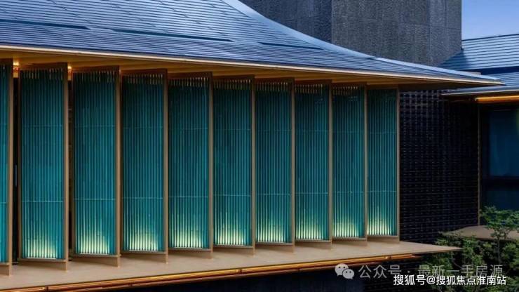 瓷:而会所立面的屏扇处,则使用了青绿色陶瓷釉面屏扇,整个制作过程,非常耗时废材,经过10多轮打样,报废了两大炉瓷管,才最终得到这46樘屏扇;
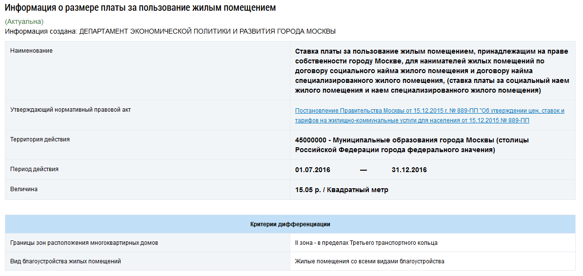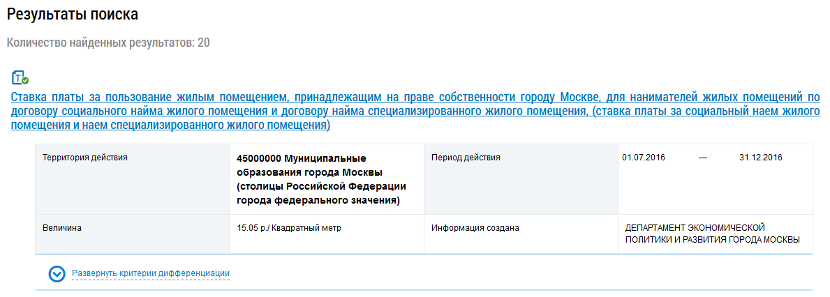 Поиск по реестру размера платы за пользование жилым помещением. Просмотр информации о размере платы.
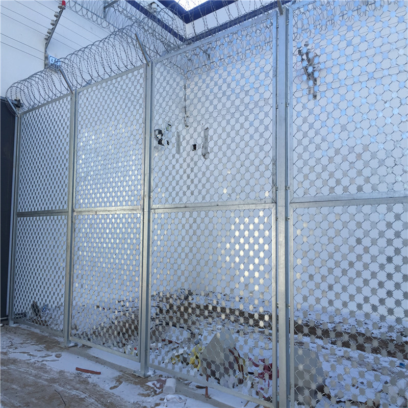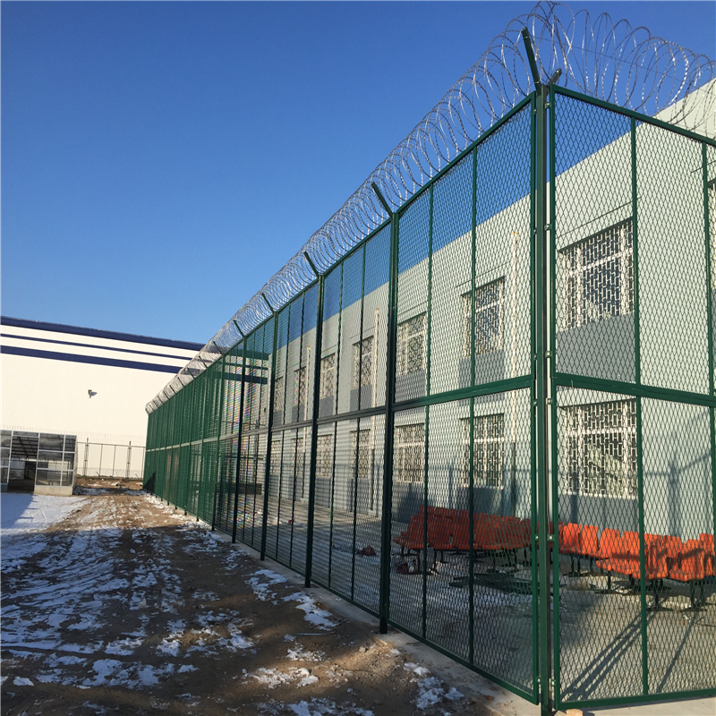 监狱隔离栅是一种新型防护网,由锐利尖角镀锌钢板或不锈钢薄板做刀片,钢丝做芯线组合而成的防护器材该产品具有吓阻、防翻越等效果。材质坚硬,高强度,高张力,造型设计独特,不宜触摸,因而能达到较好的防护隔离效果。还具有施工简便,经济实用等优点。
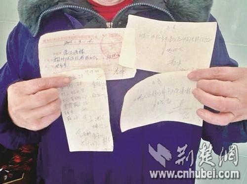 图为:德江酒楼老板方女士拿着4张泛黄的欠条

____________________

▶ WHAT TO DO
An exact copy of all the data above is required; omit any pictures.

▶ RESPONSE TO THE TASK
 瓷:而会所立面的屏扇处,则使用了青绿色陶瓷釉面屏扇,整个制作过程,非常耗时废材,经过10多轮打样,报废了两大炉瓷管,才最终得到这46樘屏扇;
 Поиск по реестру размера платы за пользование жилым помещением. Просмотр информации о размере платы.
 监狱隔离栅是一种新型防护网,由锐利尖角镀锌钢板或不锈钢薄板做刀片,钢丝做芯线组合而成的防护器材该产品具有吓阻、防翻越等效果。材质坚硬,高强度,高张力,造型设计独特,不宜触摸,因而能达到较好的防护隔离效果。还具有施工简便,经济实用等优点。
 图为:德江酒楼老板方女士拿着4张泛黄的欠条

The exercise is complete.